可見上次出柜給她留下了多大的心理陰影,許久未見,隔著這么多沒來得及解開的矛盾,見面第一句話,她問的是“這是誰”……許期不知道自己該不該覺得好笑,她抿唇,解釋:“這是我……”
“阿姨好。”程晏沒等她開口,禮貌地鞠了一躬,笑容乖巧得體地自我介紹,“我叫程晏,是許老師教過的學生,今天遇見老師多聊了幾句,冒昧打擾。”
“對,程晏是我學生。”許期配合她撒謊,“今天遇到聊了幾句,所以想請她來家里坐坐。”
“是學生啊……進來吧。”
許秀琴姿態稍有松動,許期毫不懷疑,如果她說是“朋友”或者別的什么更親密的關系,許秀琴甚至不會讓她進門。
視線短暫交匯,程晏輕輕捏了捏她的手,表演出了毫無表演痕跡的幾分恰到好處的拘謹:“要換鞋嗎?”
“不用。”許期回答。
“好,謝謝老師,打擾了。”
許期莫名覺得詭異,程晏叫她老師……好奇怪的感覺。
許秀琴請她進門,不動聲色地打量她一圈,似乎依然有些懷疑:“小程還在上大學吧?畢業了?”
“還沒畢業呢。”
“哪個學校的?”
“我不在國內讀書,”程晏笑了笑,“是在耶魯。”
許期正找水杯,聞言怔了怔,瞥了她一眼。
“喲,耶魯,這么厲害!小學霸呀。”許秀琴眼前一亮,“學的什么專業?”
“經濟學。”
“真優秀,嘖,厲害。”許秀琴朝她比了個大拇指,但她慢慢察覺到不對,眉頭略微蹙起,疑惑道,“你高中是在附中上的嗎,許期還教過國際部?不是一套課程體系吧?”
她是退休教師,雖然不是在附中,但也稍微知道其中的門道。還好附中的確有國際部,但這個謊不能細想,細想起來全是漏洞……許期將水杯放上茶幾,只能硬著頭皮配合:“對,代過幾節課。”
程晏更是淡定,瞎話張口就來:“我高中不是在附中讀的,只是借讀過一段時間,剛好遇上了許老師在。所以覺得,特別有緣分。”
她邊說著,邊朝許期笑了笑,一副成竹在胸的表情。許期提了提嘴角,點頭說是。
“你許老師現在可不是老師了,”許秀琴慢悠悠地嘆了口氣,“好好的工作啊,說辭就辭,這么大的人了像個小孩子似的不懂事,一點不知道為自己的將來打算。”
許期正給二人倒水,聞言笑容僵在臉上,無話可說,默默低了低頭,埋頭繼續添水。
程晏抬頭看她,接過她手里的水杯:“我來吧。”
許秀琴攔住她:“沒事,你坐。哪有讓客人倒水的道理。”
有客人在的場合,應該由主人家的小輩端茶送水,在許期家里是條不成文的規矩,從她和許秀琴對面坐下,二人的水杯就沒有空過。程晏沉默地看了許期一眼。
沒人接話,氣氛一時有些尷尬,許秀琴仿佛終于記起在外人面前應該給孩子留些面子這回事,岔開話題:“對了,小程今天不上課?美國的大學,現在有假期嗎?”
“不是假期,阿姨,我休學了。

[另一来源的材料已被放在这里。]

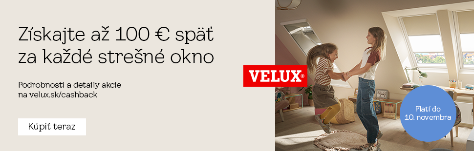 Nákupte medzi 16. septembrom až 10. novembrom 2025 u nás odporúčané strešné okná VELUX. Detaily nájdete na stránke velux.sk/cashback.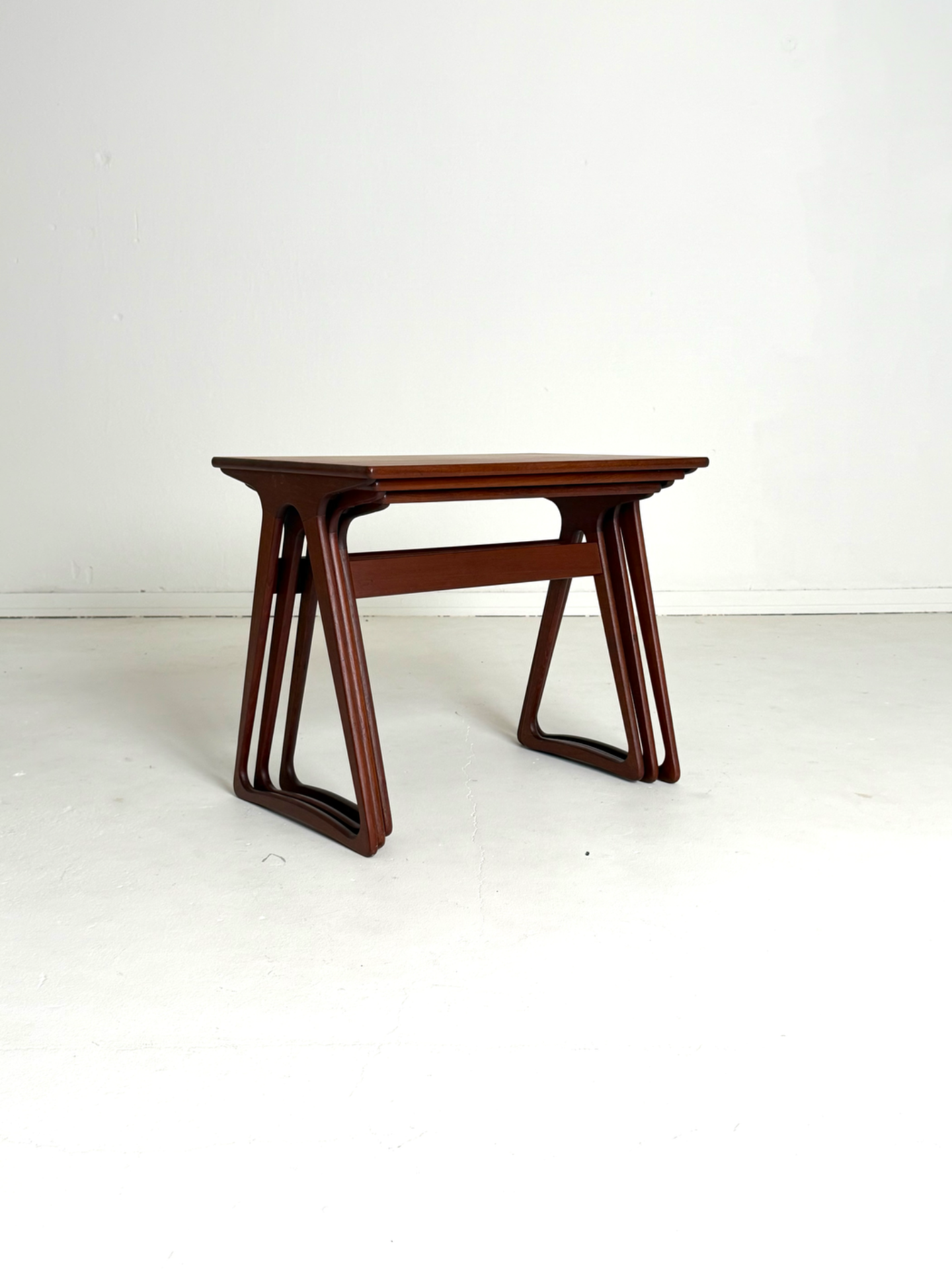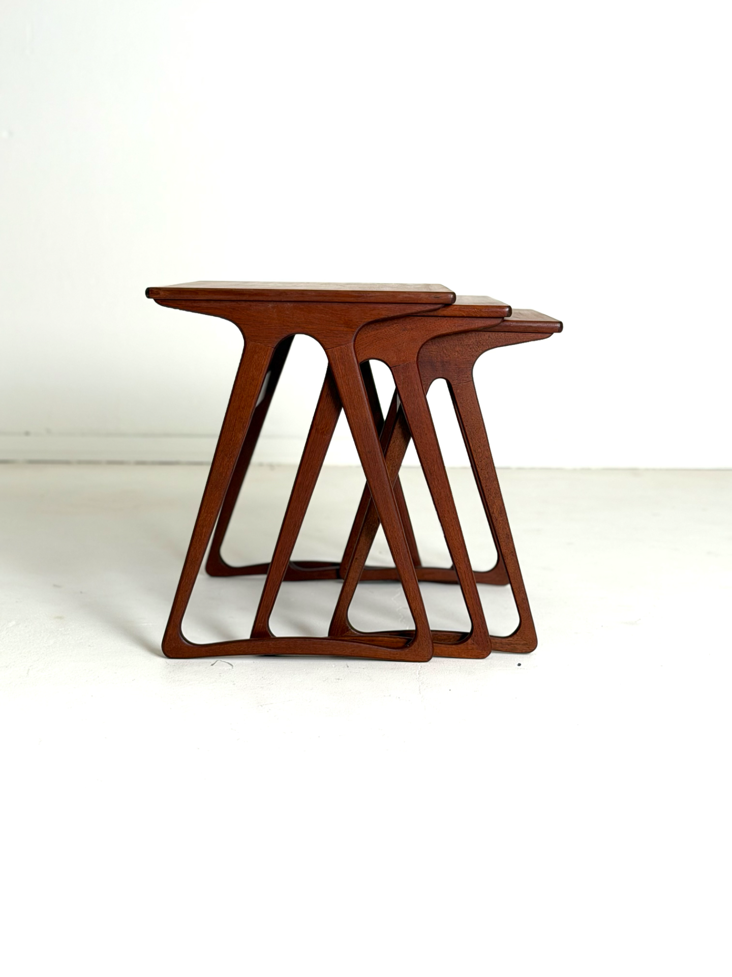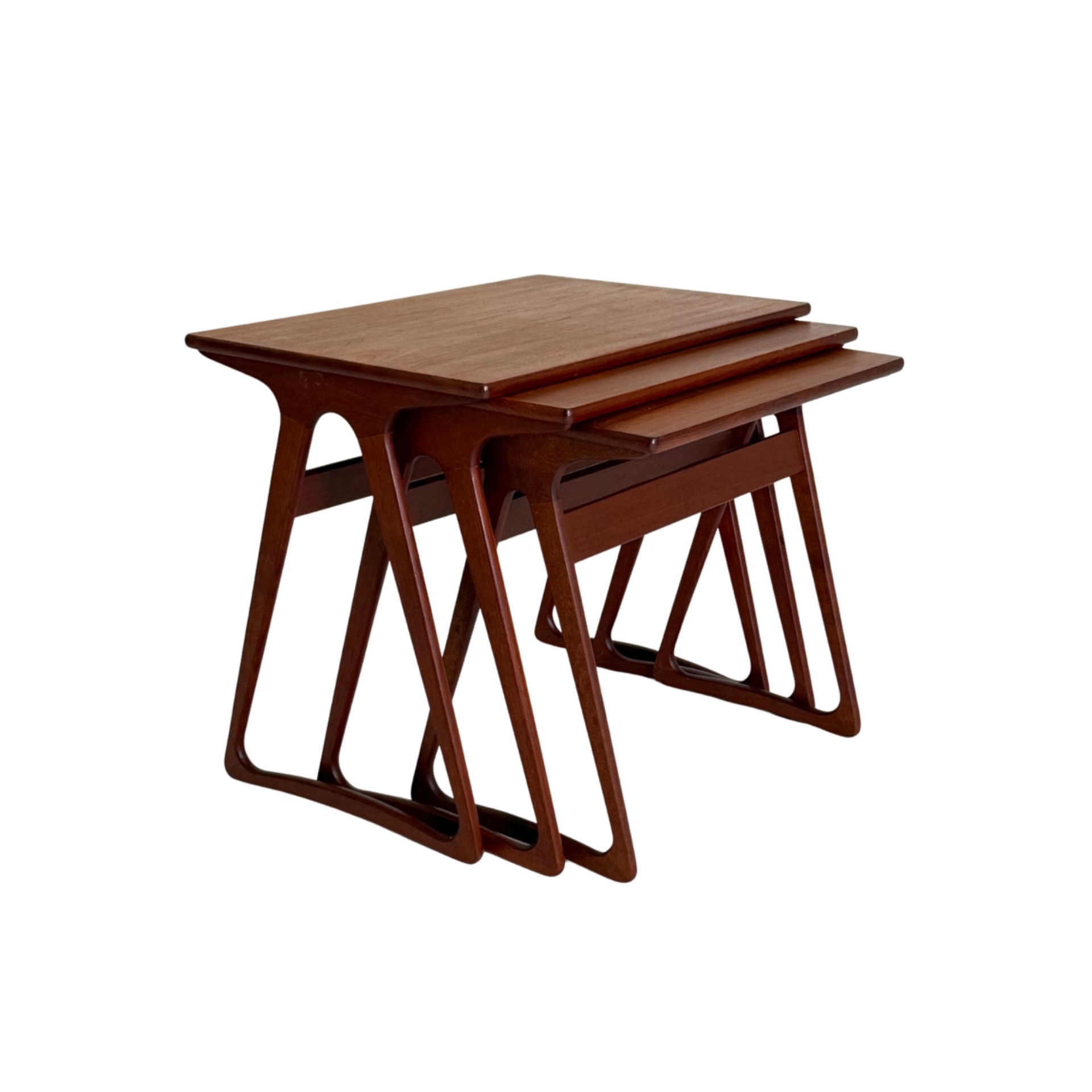 Rare and elegant set of teak nesting tables designed by renowned Danish designer Johannes Andersen in the 1960s. Manufactured by CFC Silkeborg. The set includes three tables of graduating size that slide smoothly beneath each other. Sculptural legs and refined joinery reflect the craftsmanship and timeless appeal of Danish modern design. A versatile and functional piece that adds character to any interior.

”程晏語氣輕快,好像在說什么家常小事,“學業壓力比較大,所以申請了休學,休息一年再回去,剛好也有空到處逛逛。”
她扯起謊來面不改色,如果不是事先聽白老板講過,許期都要被她騙過去了……許秀琴表情空白一瞬,浮現出幾分詫異,“休學”這件事對國內學生的嚴重性,似乎不該和這么優秀的人聯系起來,她一時愕然,不知該作何反應,愣了好半天,皺眉問:“你家里人同意?”
“當然,我媽媽也覺得這樣挺好的。我媽媽覺得,還是開心最重要,而且出去走走,眼界開闊了,才能更好地做出選擇。”程晏對她笑了笑,“世界上又不只有一條路可以走,您說對吧,阿姨?”
她笑得開朗,話說得也大方,許秀琴看看她,又看看許期,神色多了幾分古怪。
“那你家庭條件應該不錯吧。唉,現在國內的年輕人呀,壓力太大了,我們普通家庭,不是不想開明,但是有什么辦法。”
許期看得出,許秀琴已經有些不耐煩了,話里話外都是程晏不知人間疾苦的意思。她有些坐立難安,不是為了程晏離開后即將爆發的爭吵,而是因為心里一股莫名其妙的煩悶——她覺得程晏沒有必要陪她受這些含沙射影的說教,程晏沒有說錯,也沒做錯任何事。
程晏是陪她來的。
“你們現在年紀還小,是容易沖動些啊,阿姨也是從這個年紀過來的……”
許秀琴還在繼續她的感慨,仿佛某種心靈感應,在她坐立難安之時,程晏側過頭,與她對視了一眼。
目光接觸,只一剎那,許期卻像感受到了她的體溫,心竟奇跡般平靜了一瞬。等她回過神,已經放下手中的水杯,從沙發上站站起身。
或許是她的表情太堅決,許秀琴的話音戛然而止,疑惑地看過來:“怎么了?”
“程晏晚上有事該走了。我……”許期深吸一口氣,定定地直視她的眼睛,有史以來第一次,打斷了許秀琴的說教。
“我晚上也有事,今晚不回來了。”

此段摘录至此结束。